*** Dataset excerpt ***
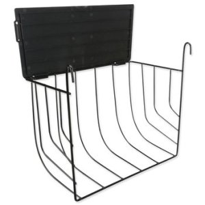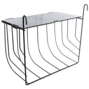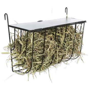 Závesné kovové jasličky na seno s vekom v čiernej farbe.
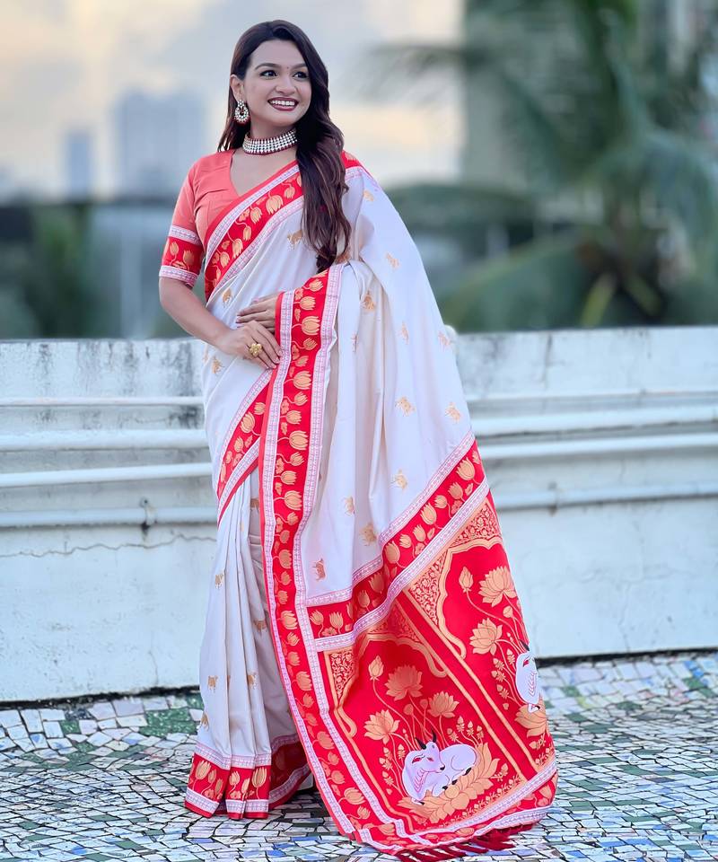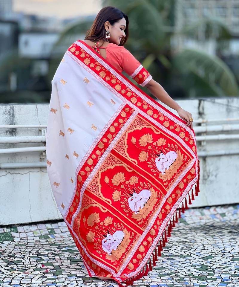 Product Description | This Soft Silk Pichwai Traditional Zari Woven Saree Features Delicate Cow Nandi Motifs Spread Across Its Body, Enhancing Its Cultural Richness. Its Contrast Satin Lotus Border Adds Refined Elegance, While The Rich Woven Nandi Cow Lotus Pichwai Pallu Serves As A Striking Focal Point. Completed With A Matching Brocade Blouse, This Saree Exemplifies Expert Craftsmanship And Traditional Artistry, Perfect For Occasions That Celebrate Heritage With Sophistication. |
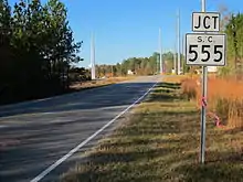 South Carolina Highway 555 (SC 555) is a 14.900-mile (23.979 km) primary state highway in the U.S. state of South Carolina. It serves as an alternate route from downtown Columbia to Blythewood.
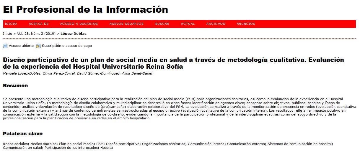 Se presenta una metodología cualitativa de diseño participativo para la realización del plan de social media (PSM) para organizaciones sanitarias, así como la evaluación de la experiencia en el Hospital Universitario Reina Sofía. La metodología de diseño colaborativo y multidisciplinar se desarrolló en cinco fases: identificación de agentes clave; consenso sobre objetivos, públicos, canales y líneas de contenido; análisis y devolución de resultados; diseño de (pre)campaña; elaboración colaborativa del PSM. La evaluación se realizó a través de la monitorización de presencia en redes (evaluación cuantitativa de la comunicación externa) y análisis de contenido de entrevistas semiestructuradas al equipo directivo (evaluación cualitativa de la comunicación interna). Los resultados reflejan el impacto positivo en comunicación externa y la satisfacción con la metodología de co-diseño, evidenciando la importancia de la participación profesional y de la interdisciplinariedad, así como del apoyo directivo y de la profesionalización para la planificación de presencia en redes en el ámbito hospitalario.
*** End of Dataset excerpt ***
Problem to solve ▸ Repeat the material exactly as it reads, without any of its pictures.

Exercise response ▸
 Závesné kovové jasličky na seno s vekom v čiernej farbe.
 Product Description | This Soft Silk Pichwai Traditional Zari Woven Saree Features Delicate Cow Nandi Motifs Spread Across Its Body, Enhancing Its Cultural Richness. Its Contrast Satin Lotus Border Adds Refined Elegance, While The Rich Woven Nandi Cow Lotus Pichwai Pallu Serves As A Striking Focal Point. Completed With A Matching Brocade Blouse, This Saree Exemplifies Expert Craftsmanship And Traditional Artistry, Perfect For Occasions That Celebrate Heritage With Sophistication. |
 South Carolina Highway 555 (SC 555) is a 14.900-mile (23.979 km) primary state highway in the U.S. state of South Carolina. It serves as an alternate route from downtown Columbia to Blythewood.
 Se presenta una metodología cualitativa de diseño participativo para la realización del plan de social media (PSM) para organizaciones sanitarias, así como la evaluación de la experiencia en el Hospital Universitario Reina Sofía. La metodología de diseño colaborativo y multidisciplinar se desarrolló en cinco fases: identificación de agentes clave; consenso sobre objetivos, públicos, canales y líneas de contenido; análisis y devolución de resultados; diseño de (pre)campaña; elaboración colaborativa del PSM. La evaluación se realizó a través de la monitorización de presencia en redes (evaluación cuantitativa de la comunicación externa) y análisis de contenido de entrevistas semiestructuradas al equipo directivo (evaluación cualitativa de la comunicación interna). Los resultados reflejan el impacto positivo en comunicación externa y la satisfacción con la metodología de co-diseño, evidenciando la importancia de la participación profesional y de la interdisciplinariedad, así como del apoyo directivo y de la profesionalización para la planificación de presencia en redes en el ámbito hospitalario.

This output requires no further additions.